EXERCISE DIRECTIONS =>
Below are some entries. Transcribe the lines from the one holding "傳統(tǒng)切割因機械磨" to the one holding "One Men's Rolex", inclusive, but not the pictures among them.
**** LISTED RECORDS ****
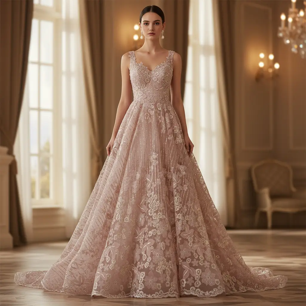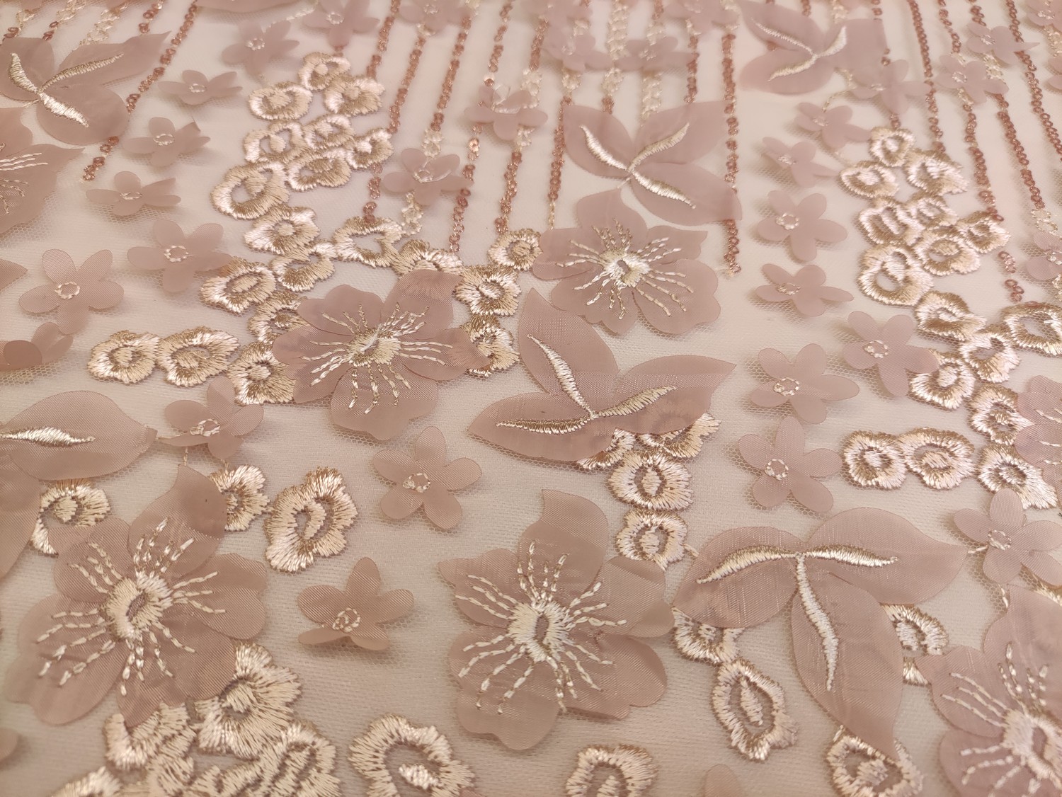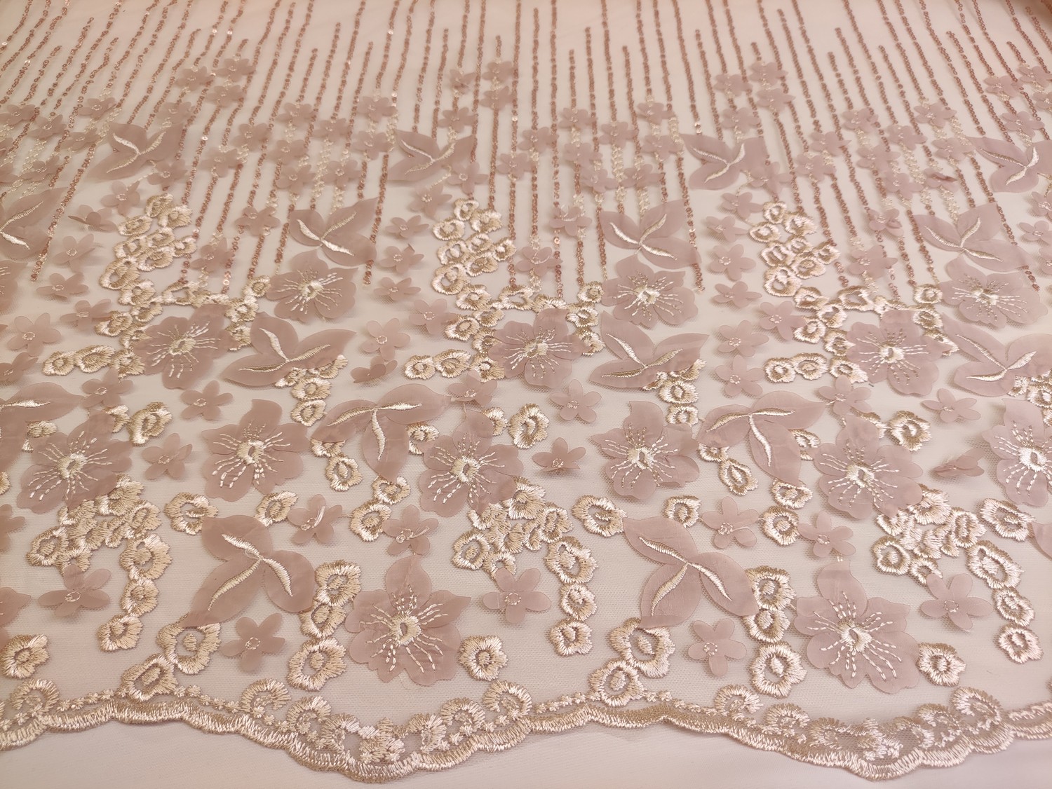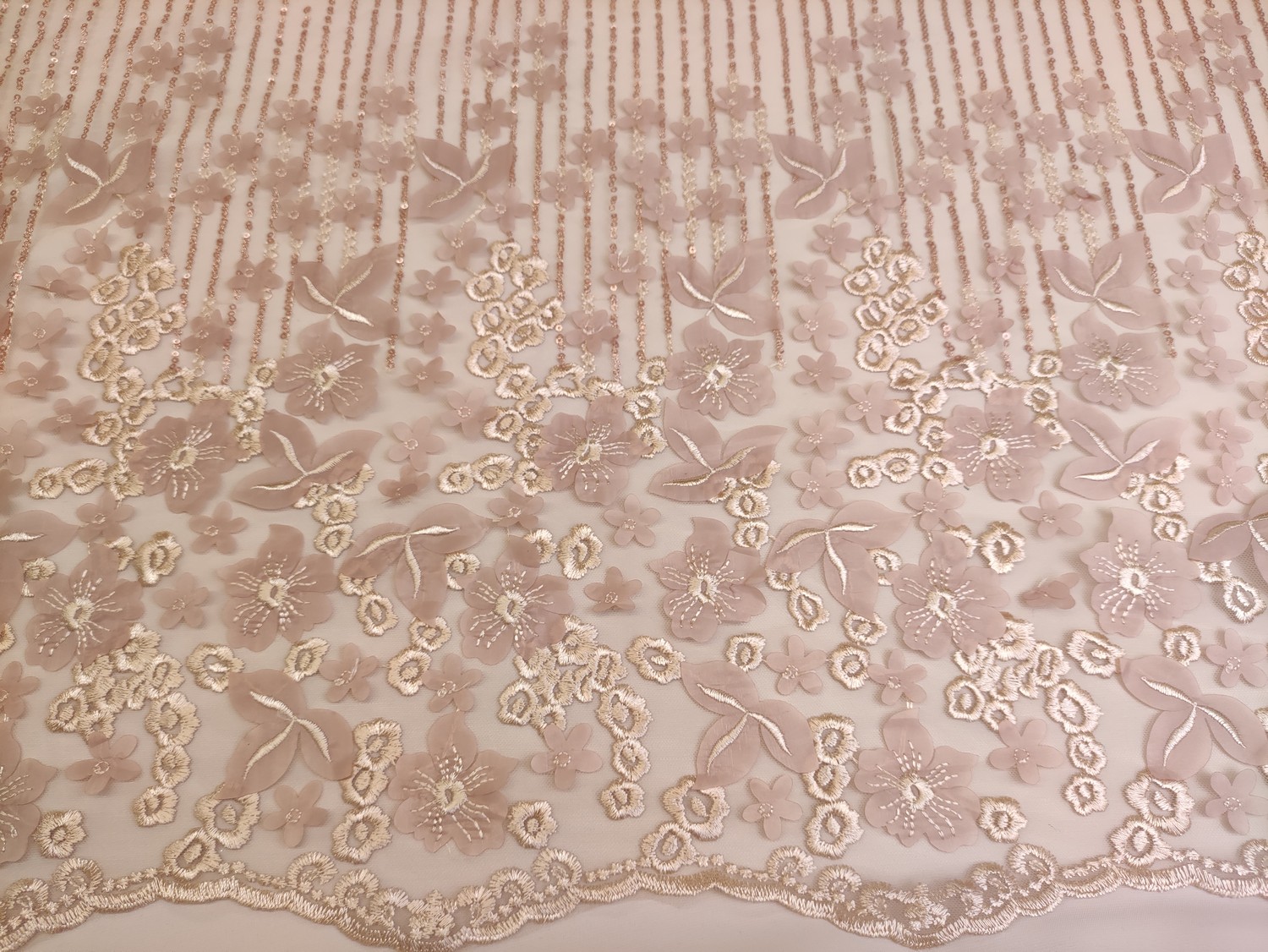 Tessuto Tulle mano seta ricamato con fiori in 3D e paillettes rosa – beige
****
**** LISTED RECORDS ****
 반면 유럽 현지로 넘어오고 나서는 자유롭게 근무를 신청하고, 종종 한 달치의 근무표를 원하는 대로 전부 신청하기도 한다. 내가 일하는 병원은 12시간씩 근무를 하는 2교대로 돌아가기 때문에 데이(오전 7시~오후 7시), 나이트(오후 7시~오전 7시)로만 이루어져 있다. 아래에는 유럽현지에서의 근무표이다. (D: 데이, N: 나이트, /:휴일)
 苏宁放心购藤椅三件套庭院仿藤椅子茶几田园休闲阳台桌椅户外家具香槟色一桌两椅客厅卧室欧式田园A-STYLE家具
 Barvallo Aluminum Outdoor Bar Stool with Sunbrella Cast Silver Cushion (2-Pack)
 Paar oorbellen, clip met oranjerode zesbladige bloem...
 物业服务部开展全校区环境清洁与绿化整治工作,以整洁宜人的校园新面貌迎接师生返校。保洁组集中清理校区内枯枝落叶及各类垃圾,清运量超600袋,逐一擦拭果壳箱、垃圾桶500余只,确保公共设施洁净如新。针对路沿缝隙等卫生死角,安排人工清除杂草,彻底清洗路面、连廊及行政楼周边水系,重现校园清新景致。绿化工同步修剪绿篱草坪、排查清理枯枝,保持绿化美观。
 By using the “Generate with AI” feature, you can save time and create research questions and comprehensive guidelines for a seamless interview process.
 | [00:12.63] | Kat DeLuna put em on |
****
**** LISTED RECORDS ****
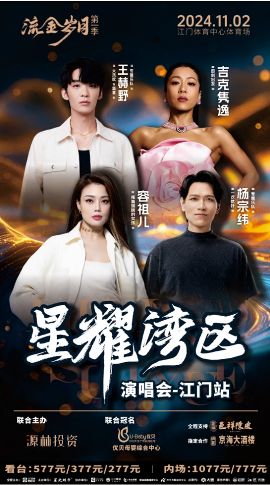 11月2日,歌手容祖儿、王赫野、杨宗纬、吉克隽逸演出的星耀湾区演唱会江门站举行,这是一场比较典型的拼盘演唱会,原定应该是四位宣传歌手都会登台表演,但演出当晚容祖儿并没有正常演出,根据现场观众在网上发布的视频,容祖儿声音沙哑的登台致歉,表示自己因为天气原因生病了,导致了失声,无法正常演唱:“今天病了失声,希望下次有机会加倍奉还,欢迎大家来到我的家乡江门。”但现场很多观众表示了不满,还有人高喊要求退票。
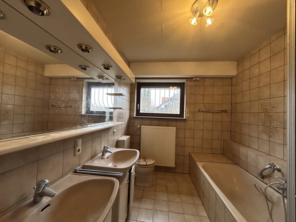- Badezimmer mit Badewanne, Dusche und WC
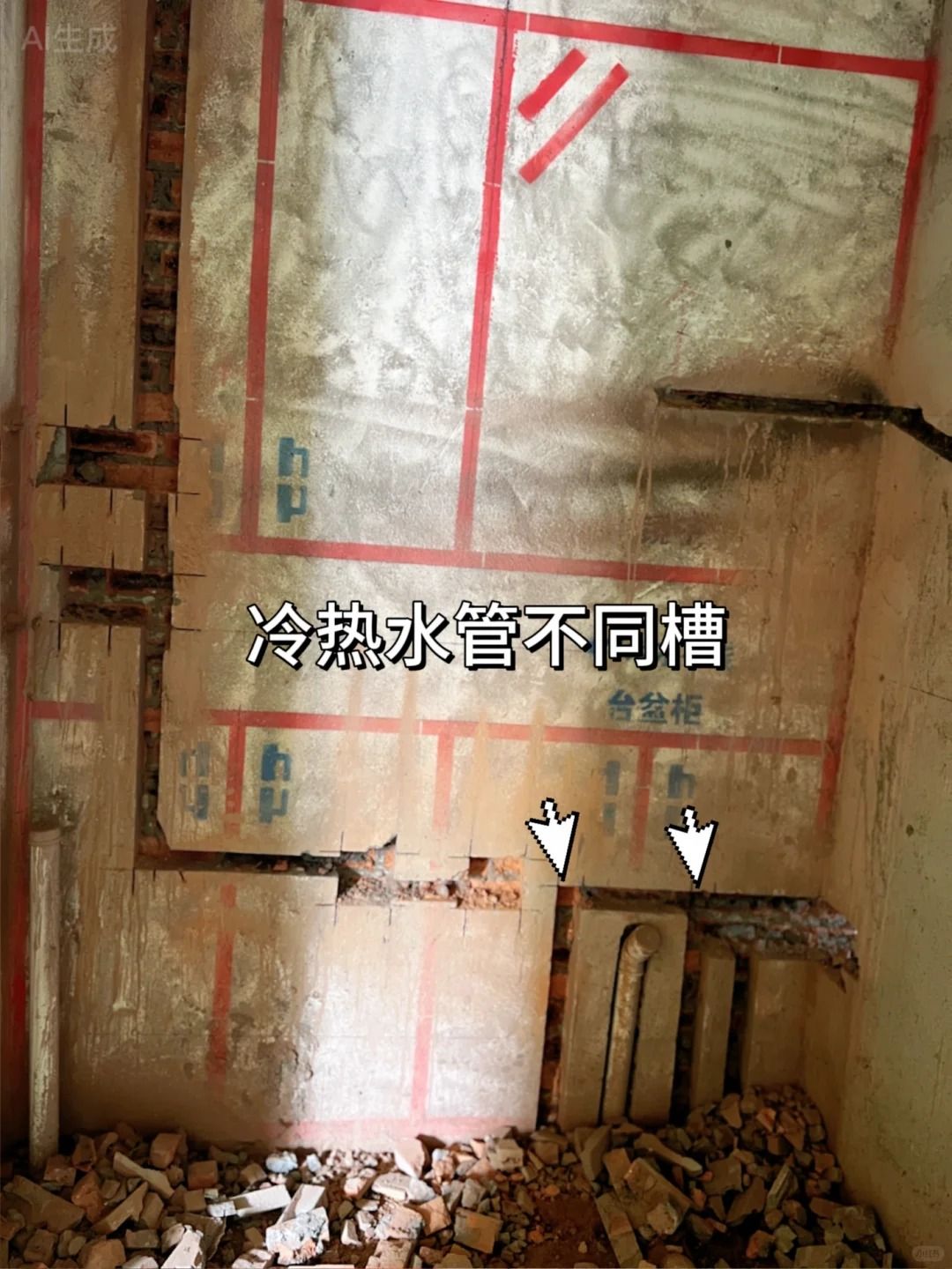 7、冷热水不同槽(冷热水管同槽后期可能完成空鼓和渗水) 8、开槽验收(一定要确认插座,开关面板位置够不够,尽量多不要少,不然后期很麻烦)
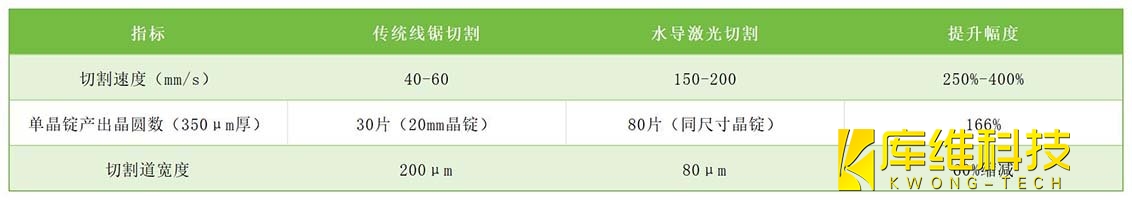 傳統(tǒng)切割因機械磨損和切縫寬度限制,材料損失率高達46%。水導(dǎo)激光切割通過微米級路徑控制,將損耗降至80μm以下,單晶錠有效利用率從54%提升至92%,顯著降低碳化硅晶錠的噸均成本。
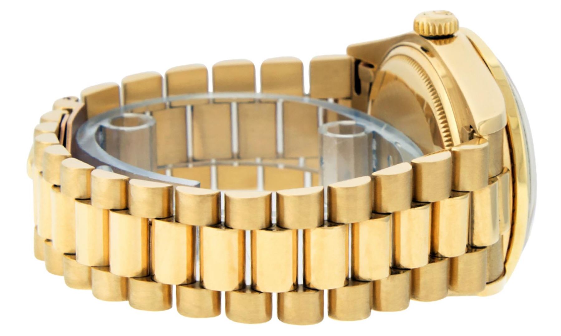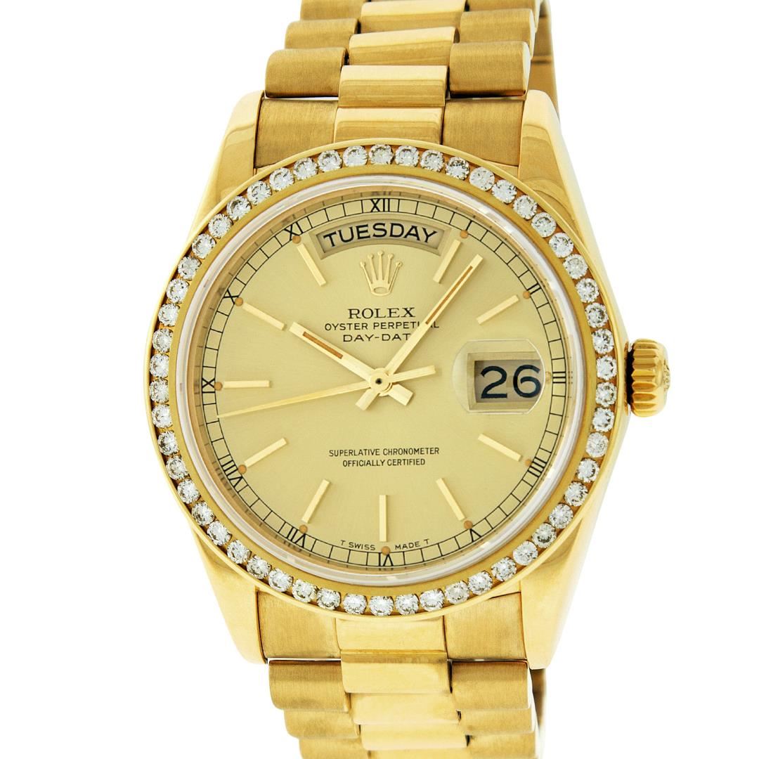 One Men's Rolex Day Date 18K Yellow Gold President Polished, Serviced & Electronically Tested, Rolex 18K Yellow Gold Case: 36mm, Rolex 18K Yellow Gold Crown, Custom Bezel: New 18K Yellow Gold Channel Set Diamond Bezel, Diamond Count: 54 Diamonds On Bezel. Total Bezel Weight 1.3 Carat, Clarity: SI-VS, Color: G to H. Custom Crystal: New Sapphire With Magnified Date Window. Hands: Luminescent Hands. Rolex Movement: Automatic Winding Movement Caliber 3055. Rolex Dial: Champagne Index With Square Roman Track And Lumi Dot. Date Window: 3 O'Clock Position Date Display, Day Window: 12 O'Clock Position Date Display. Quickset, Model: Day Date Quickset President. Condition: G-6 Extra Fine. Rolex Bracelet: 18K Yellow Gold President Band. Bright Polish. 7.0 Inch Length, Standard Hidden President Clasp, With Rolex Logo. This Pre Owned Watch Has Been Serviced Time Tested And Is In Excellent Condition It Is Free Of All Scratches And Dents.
****
YOUR RESPONSE =>
 傳統(tǒng)切割因機械磨損和切縫寬度限制,材料損失率高達46%。水導(dǎo)激光切割通過微米級路徑控制,將損耗降至80μm以下,單晶錠有效利用率從54%提升至92%,顯著降低碳化硅晶錠的噸均成本。
 One Men's Rolex Day Date 18K Yellow Gold President Polished, Serviced & Electronically Tested, Rolex 18K Yellow Gold Case: 36mm, Rolex 18K Yellow Gold Crown, Custom Bezel: New 18K Yellow Gold Channel Set Diamond Bezel, Diamond Count: 54 Diamonds On Bezel. Total Bezel Weight 1.3 Carat, Clarity: SI-VS, Color: G to H. Custom Crystal: New Sapphire With Magnified Date Window. Hands: Luminescent Hands. Rolex Movement: Automatic Winding Movement Caliber 3055. Rolex Dial: Champagne Index With Square Roman Track And Lumi Dot. Date Window: 3 O'Clock Position Date Display, Day Window: 12 O'Clock Position Date Display. Quickset, Model: Day Date Quickset President. Condition: G-6 Extra Fine. Rolex Bracelet: 18K Yellow Gold President Band. Bright Polish. 7.0 Inch Length, Standard Hidden President Clasp, With Rolex Logo. This Pre Owned Watch Has Been Serviced Time Tested And Is In Excellent Condition It Is Free Of All Scratches And Dents.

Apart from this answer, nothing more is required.